Türk düşüncesinin, tarihi, kültürü ve sosyolojisi ile bu konuda derin tecrübesi vardır. Türkler hicretin 50. yılından beri İslâm tefekkürünün en derin konularında ilim yapmışlardır. Elbette bugünkü dünyada İslâm’ın uluslararası siyasetteki konumu Türk tarih ve din düşüncesi tetkik edilmeden düzgün sonuçlar elde edilemez; o sebeble muhakkak Ortadoğu ve İslâm bunalımının anahtarı onların elindedir! Maalasef Osmanlı’dan sonra Türk milliyeti gibi siyaseti de de bölgeden çekildi! Nesiller eksik bilgilerle yetiştirildi; tarihi bir yana bırakın bugün aydınlarımız arasında bu coğrafyayı bile doğru dürüst tanıyan yoktur. Dolayısiyle ortaya çıkan ve hükümet olan, devleti elinde bulunduran kadrolar da gerekli millî ve dinî birikimden mahrum oldular! Dini bilen milliyeti, milliyeti tanıyan dini hesaba almadı. Esasında din düşüncesinin bir intikam şekline dönüşerek illegal hâle gelmesi bugünkü iç bunalımımızın gerçek sebebidir! Bunların elbette millî bünye ile ilgili düşünceleri olmadığı gibi, aydınlarımız da akıntıya kürek salladı ve misakı milli dışındaki coğrafyayı tanımak, konuşmak, araştırmak gibi aslî vazifeleri cumhuriyet düşüncesine ihanet gibi telâkki edildi!
Bütün bunlara karşılık sanki yeni bir Türk düşüncesi oluşuyor ve Türk devleti yeniden kendine dönüyor’! Devlet Başkanımız bir haftadan beri ABD’de de çok önemli açıklamalar yapmaktadır; beğenir veya beğenmezsiniz, fakat fikir ve düşüncelerin “Devlet Ağzı” ile ifâde edildiğini görmemezlikten gelemeyiz. İki hususa dikkatinizi çekmek isteriz; birisi bugüne kadar tam ortaya konulamayan büyük küresel gücün iyi tanınması ve görmemezlikten gelinen niyetlerinin yükse sesle ifşâ edilmesidir. İkincisi de coğrafya ait cesur açıklamalar yapılmasıdır, ki bu da Haleb’in en az Antep kadar Türk olduğu açıklamasıdır. Şahsen bu açıklamaları yeni bir ufuk olarak değerlendiriyoruz; çok kıymet verilmesi ve günlük çalışmalarla desteklenmesi gerekiyor!
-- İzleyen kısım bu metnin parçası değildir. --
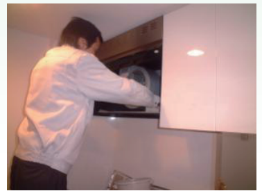
4. 部品取り付け及び 本体清掃・点検
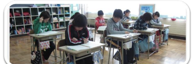
最上級生になる準備、熱心にテスト問題を解く5年生

子どもたちは、今年度学習したことを思い出しながら、熱心にテストに取り組んでいました。わからなかった問題はもう一度復習して、しっかりとわかってから進級できるように指導していきます。
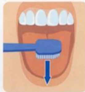
6. Чистка языка
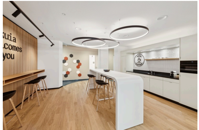
Der Coffee Corner ist der Treffpunkt im kuia-office
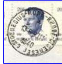
Kantoornaam in 2 talen, gescheiden door streepje, tussen 2 nummers. Daar onder letter en boven de nummers het postnummer
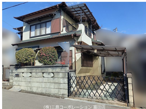
(株)三島コーポレーション 富田店
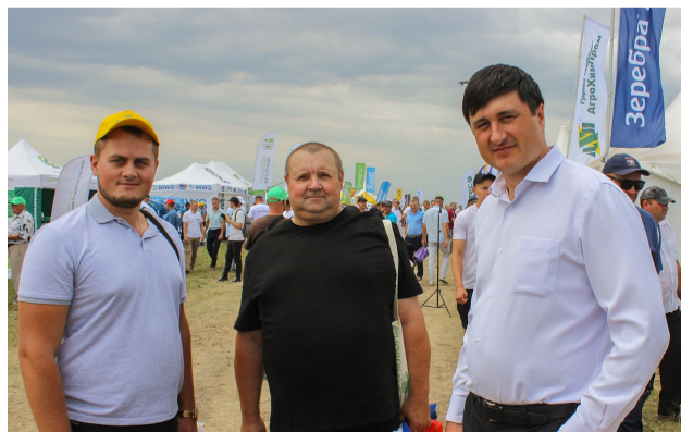
Представители Алексеевского муниципального района на ярмарке.
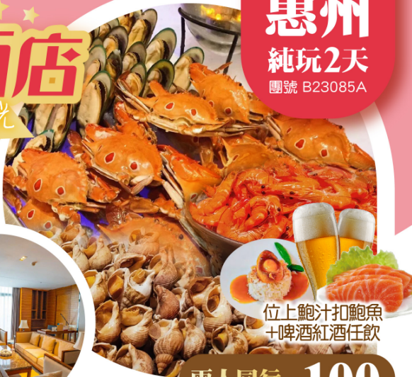
位上鮑汁扣鮑魚 +啤酒紅酒任飲
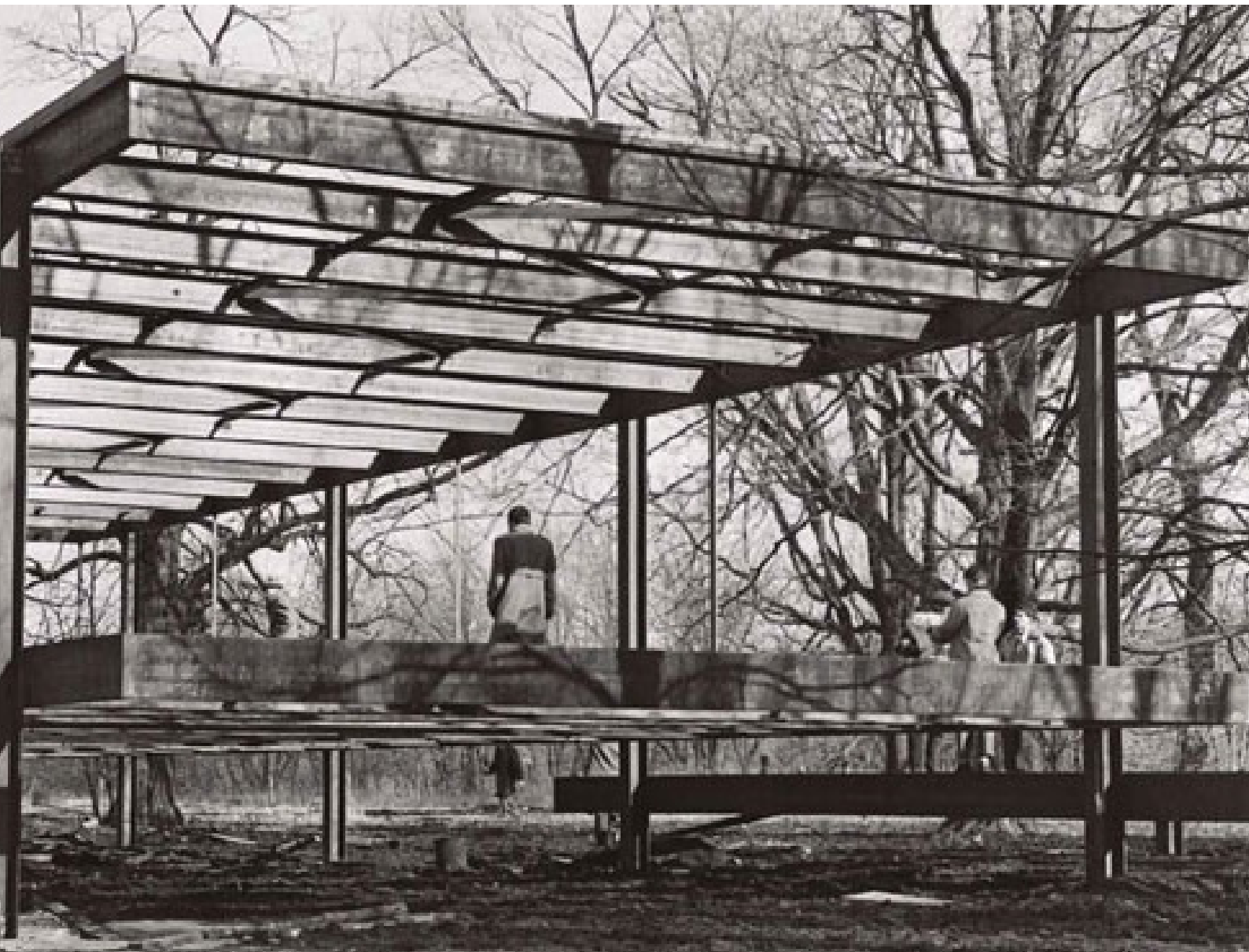
Imagen 5. Construcción de la Casa Farnsworth proyectada por Ludwig Mies van der Rohe.

Johnson se divide en cuatro segmentos temporales. Johnson aspiraba a escribir una narración biográfica a la manera de la historia del arte tradicional resultando significativamente distinto del diseño de la exposición. Asimismo, mientras Mies otorgó un lugar de honor en forma de las cuatro fotos murales a cuatro obras europeas de los años veinte (el Pabellón de Barcelona, el rascacielos de la Friedrichstrasse, el Monumento a la Revolución de Noviembre y el Rascacielos de Vidrio) en la narración de Johnson, el aconteci-
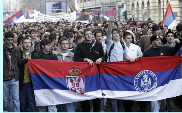
Долазак учесника на митинг

Он је упитао "има ли народа на свету од кога силници, као данас од Срба, траже да се одрекне свега што јесте. Ако признамо да нисмо Срби, обећавају да ће нам као народу без памћења и без поректа бити боље".
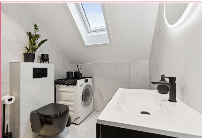
Pent flislagt bad med varmekabler. Vaskemaskin medfølger
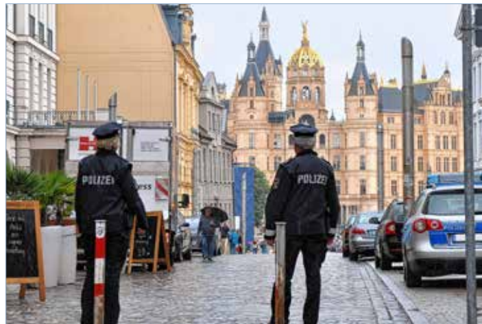
Auch in der Schlossstraße gelten nun geänderte Polleröffnungszeiten.
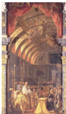
Картина Клаудио Коэлло, выполненная по заказу Карлоса II
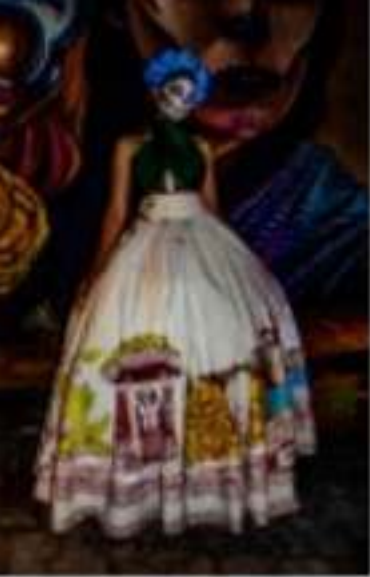
CIA PONCE ALFONSO ARCH

Lütfen ilim adamlarımız ortaya çıksın ve devlet katımızı tarih ve arşiv bilgileri ile desteklesin! Öyle tutmayan kehanetler, yol göstermeler çok konuşulan “Algı Yönetimi”nden başka bir şey değildir! Sayın Cumhurbaşkanımız bu konuları mutlaka mütehassıs hocalarımızla vakit geçirmeden görüşmelidir. Elbette biliniyor ki bütün toza dumana rağmen Haleb şehir merkezinde mahallelerin %60’ı Türkmenler ve Osmanlı aklı selimi Türk Araplar’ın elindedir.
Muhabbetle.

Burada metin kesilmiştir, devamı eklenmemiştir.